"""

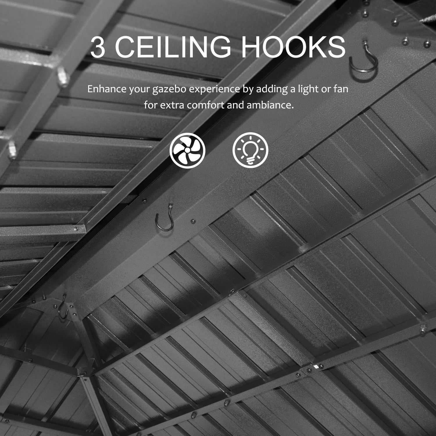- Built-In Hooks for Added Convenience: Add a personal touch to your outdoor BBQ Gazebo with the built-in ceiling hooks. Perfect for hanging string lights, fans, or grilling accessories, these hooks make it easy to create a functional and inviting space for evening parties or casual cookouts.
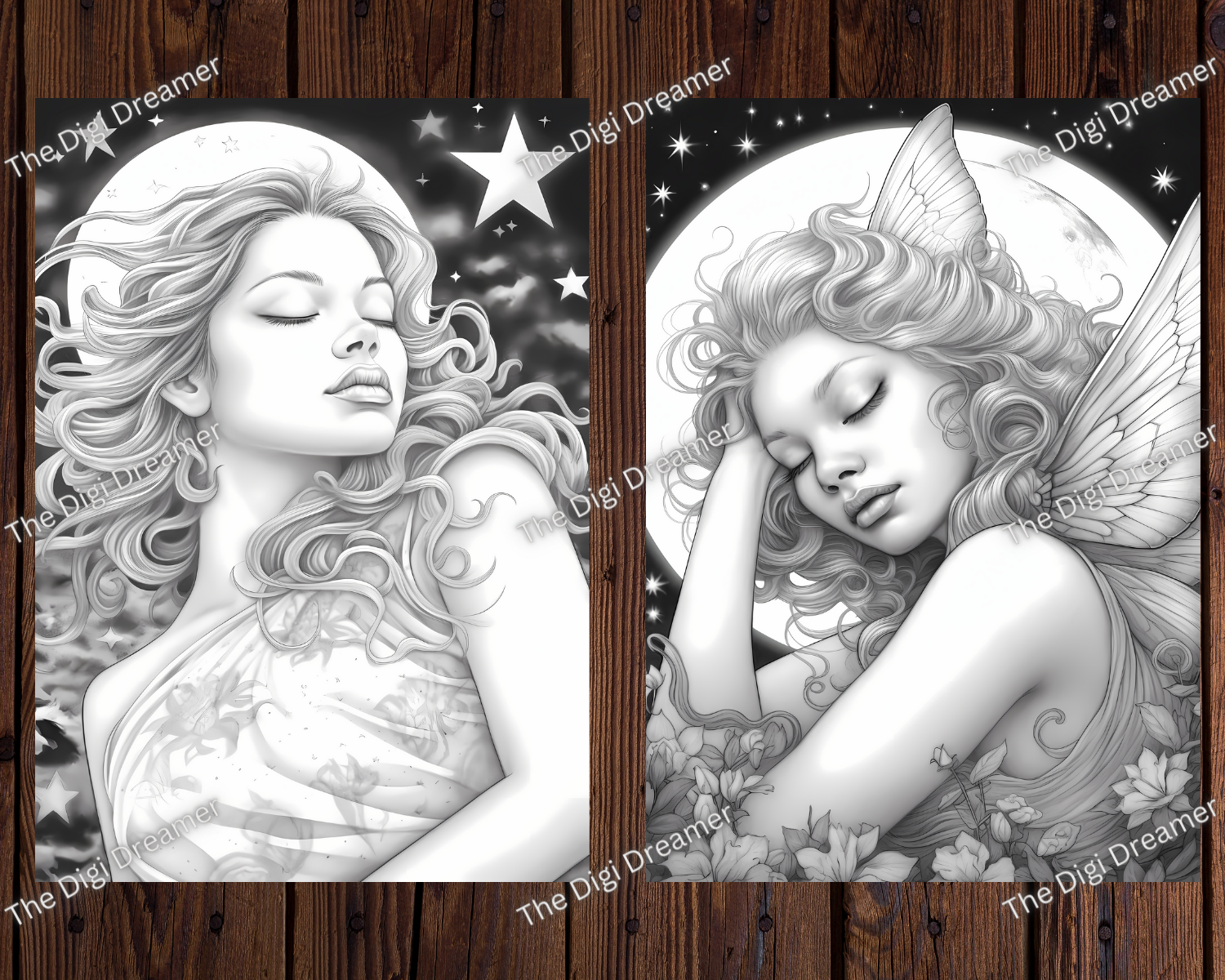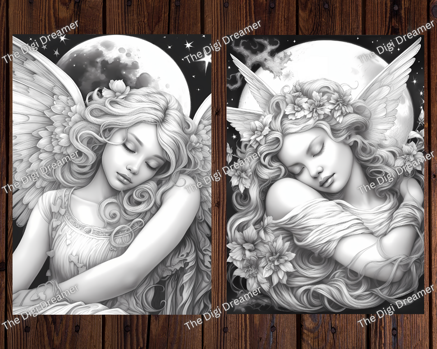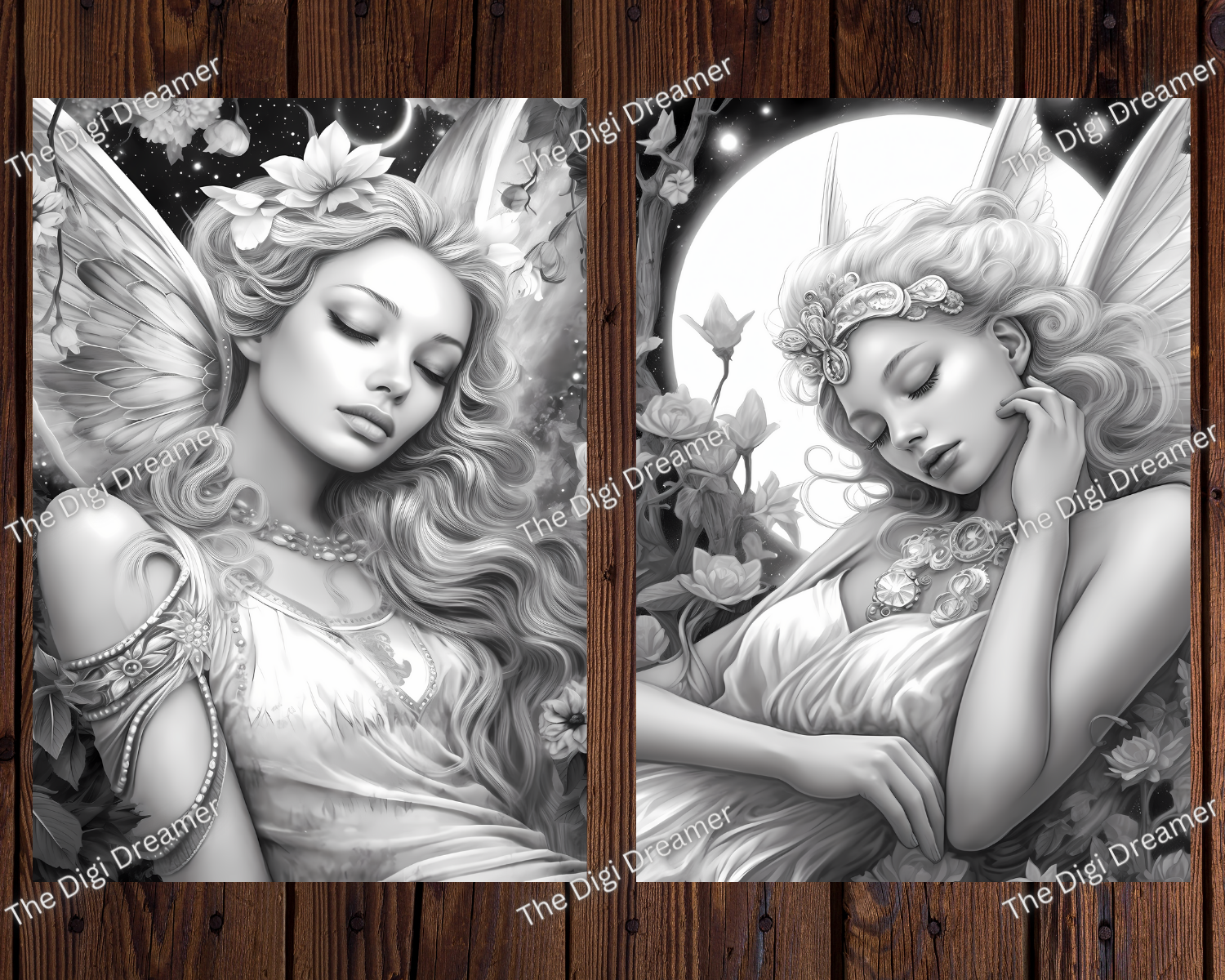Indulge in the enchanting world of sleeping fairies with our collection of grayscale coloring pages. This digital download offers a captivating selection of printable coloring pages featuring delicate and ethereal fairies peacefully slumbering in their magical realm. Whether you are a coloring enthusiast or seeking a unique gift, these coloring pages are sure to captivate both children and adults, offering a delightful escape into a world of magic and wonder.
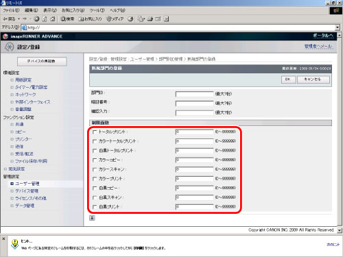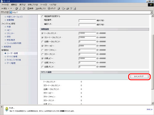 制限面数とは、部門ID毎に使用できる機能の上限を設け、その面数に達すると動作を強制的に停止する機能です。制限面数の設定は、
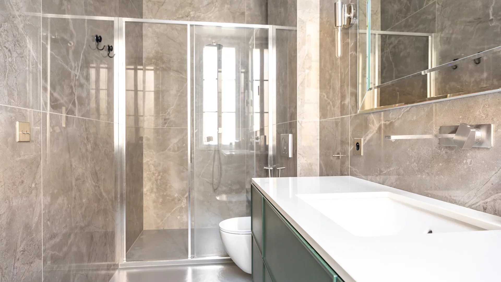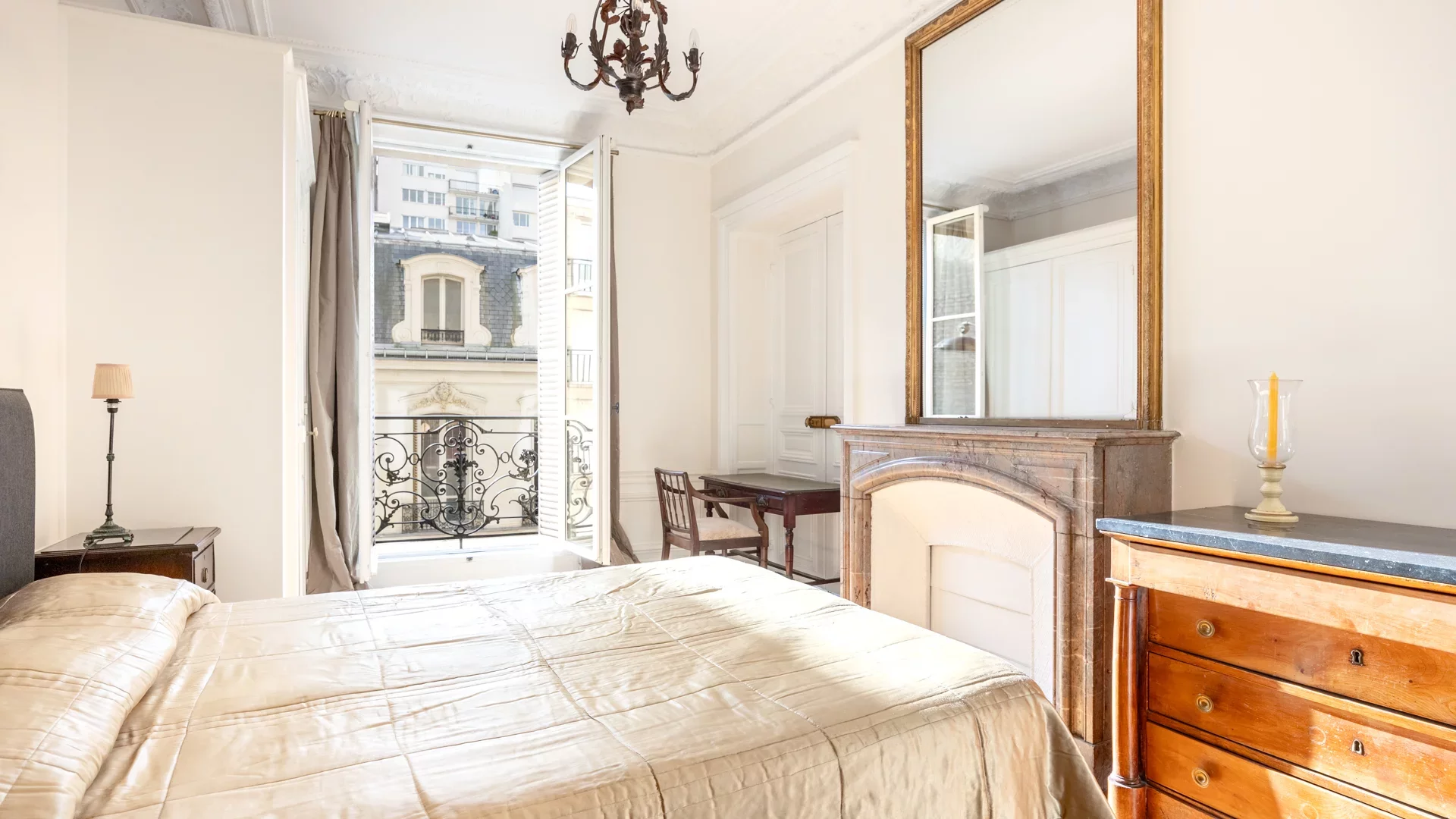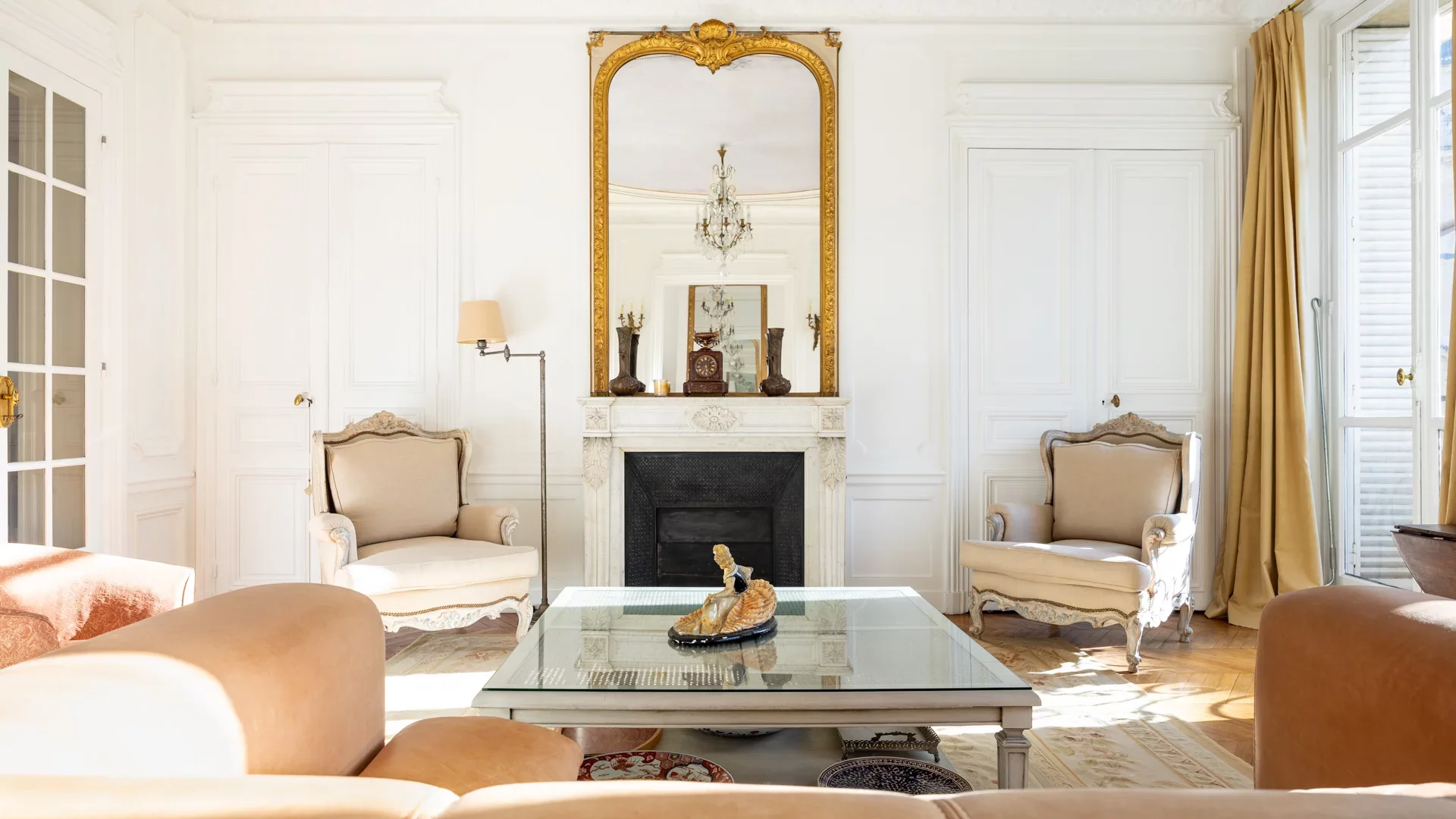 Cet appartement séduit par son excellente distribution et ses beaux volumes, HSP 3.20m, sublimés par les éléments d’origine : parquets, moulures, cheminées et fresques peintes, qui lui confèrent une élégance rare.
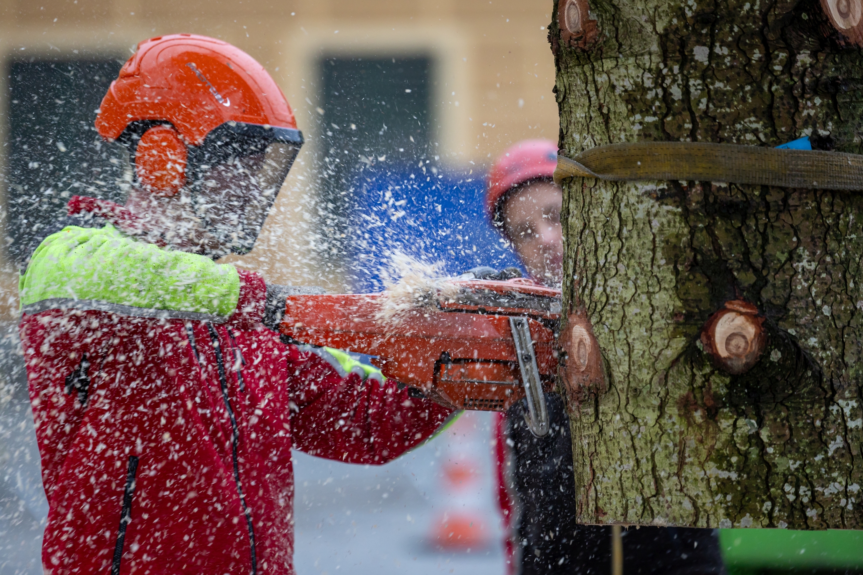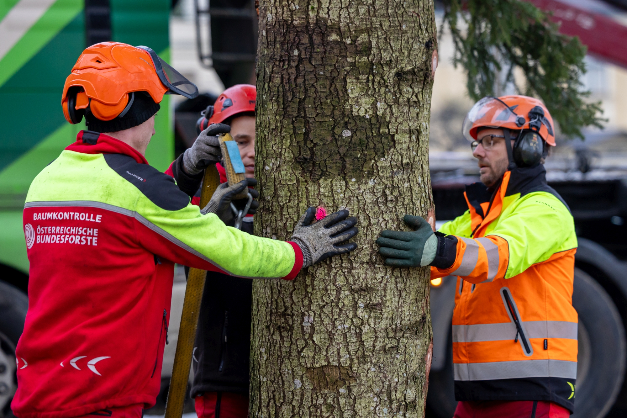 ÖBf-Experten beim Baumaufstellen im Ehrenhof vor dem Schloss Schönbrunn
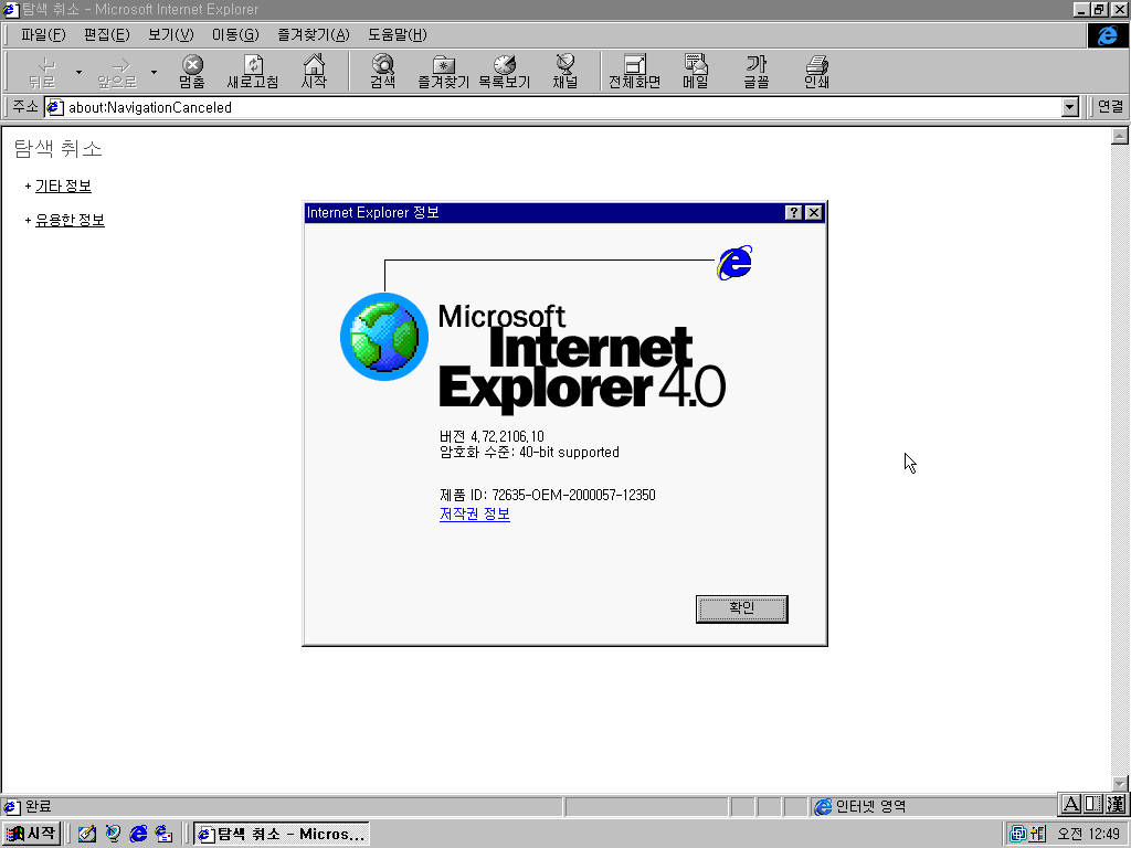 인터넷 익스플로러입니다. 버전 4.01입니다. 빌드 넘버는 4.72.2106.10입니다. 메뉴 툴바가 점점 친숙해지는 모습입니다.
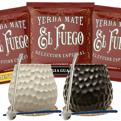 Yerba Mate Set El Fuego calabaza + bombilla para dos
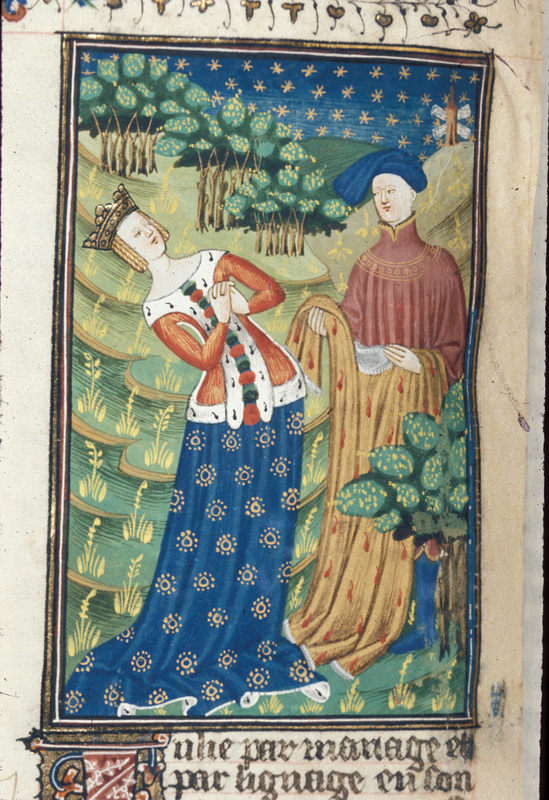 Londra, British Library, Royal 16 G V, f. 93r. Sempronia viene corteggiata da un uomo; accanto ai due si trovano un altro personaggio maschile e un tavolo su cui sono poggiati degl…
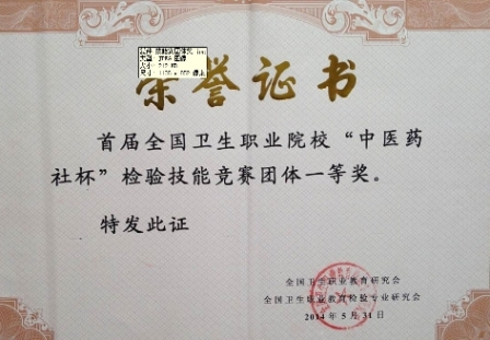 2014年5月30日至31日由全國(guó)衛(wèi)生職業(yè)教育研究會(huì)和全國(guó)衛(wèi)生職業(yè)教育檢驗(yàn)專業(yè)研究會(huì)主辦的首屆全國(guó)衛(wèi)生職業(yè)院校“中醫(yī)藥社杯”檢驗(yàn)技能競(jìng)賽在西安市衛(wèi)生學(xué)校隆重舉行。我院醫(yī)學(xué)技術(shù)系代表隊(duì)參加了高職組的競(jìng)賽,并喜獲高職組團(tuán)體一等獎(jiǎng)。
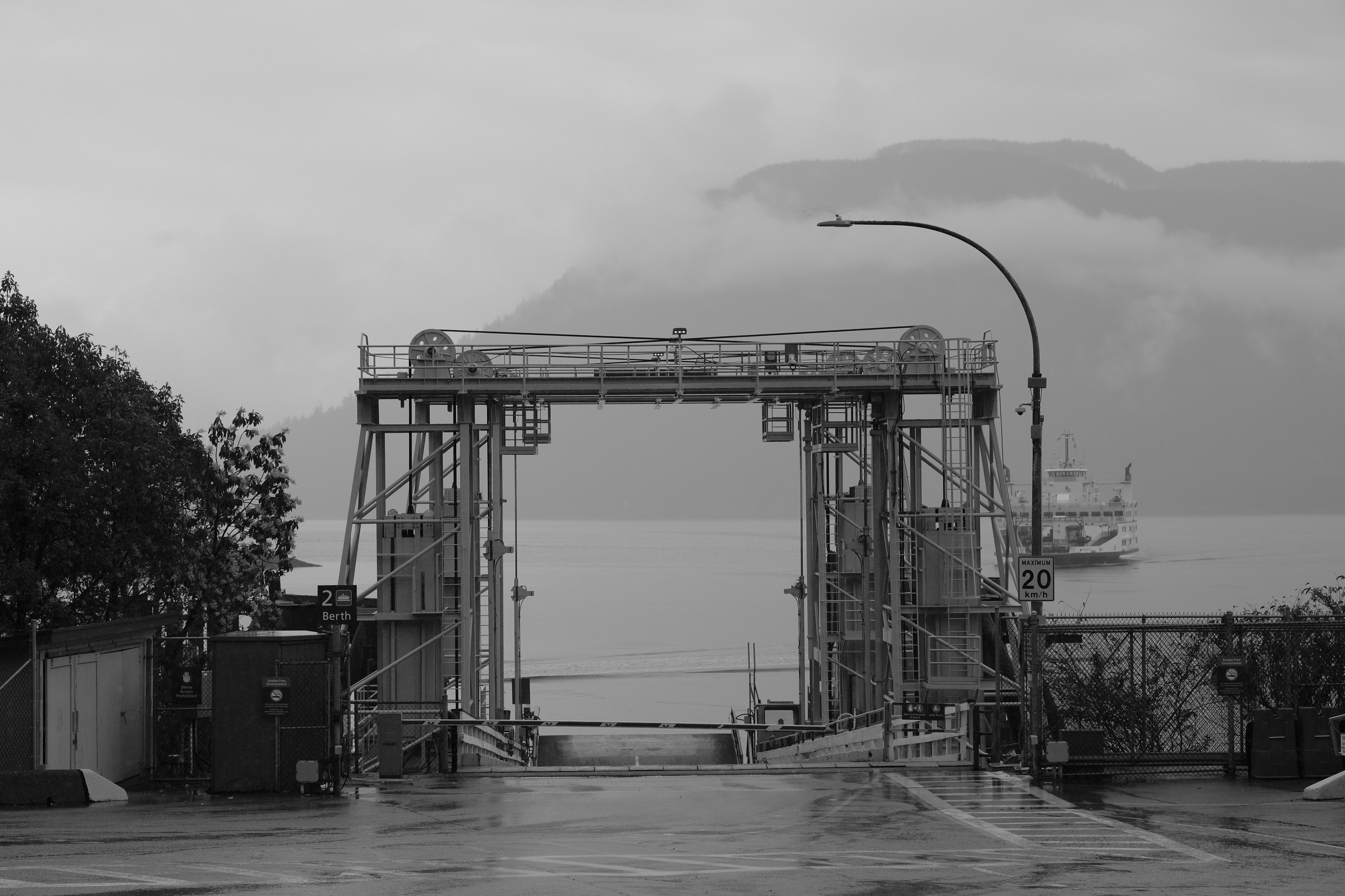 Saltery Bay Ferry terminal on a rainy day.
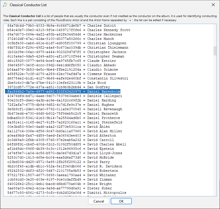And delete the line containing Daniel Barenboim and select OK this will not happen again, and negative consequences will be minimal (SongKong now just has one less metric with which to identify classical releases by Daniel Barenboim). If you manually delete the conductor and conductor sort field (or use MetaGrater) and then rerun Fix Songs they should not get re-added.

"""

WORK INSTRUCTIONS
Although the records hold pictures, the copy must not; give again exactly the lines from the one with "制限面数とは、部門ID毎に使" through the one with "Yerba Mate Set".

EXERCISE ANSWER
 制限面数とは、部門ID毎に使用できる機能の上限を設け、その面数に達すると動作を強制的に停止する機能です。制限面数の設定は、
 Cet appartement séduit par son excellente distribution et ses beaux volumes, HSP 3.20m, sublimés par les éléments d’origine : parquets, moulures, cheminées et fresques peintes, qui lui confèrent une élégance rare.
 ÖBf-Experten beim Baumaufstellen im Ehrenhof vor dem Schloss Schönbrunn
 인터넷 익스플로러입니다. 버전 4.01입니다. 빌드 넘버는 4.72.2106.10입니다. 메뉴 툴바가 점점 친숙해지는 모습입니다.
 Yerba Mate Set El Fuego calabaza + bombilla para dos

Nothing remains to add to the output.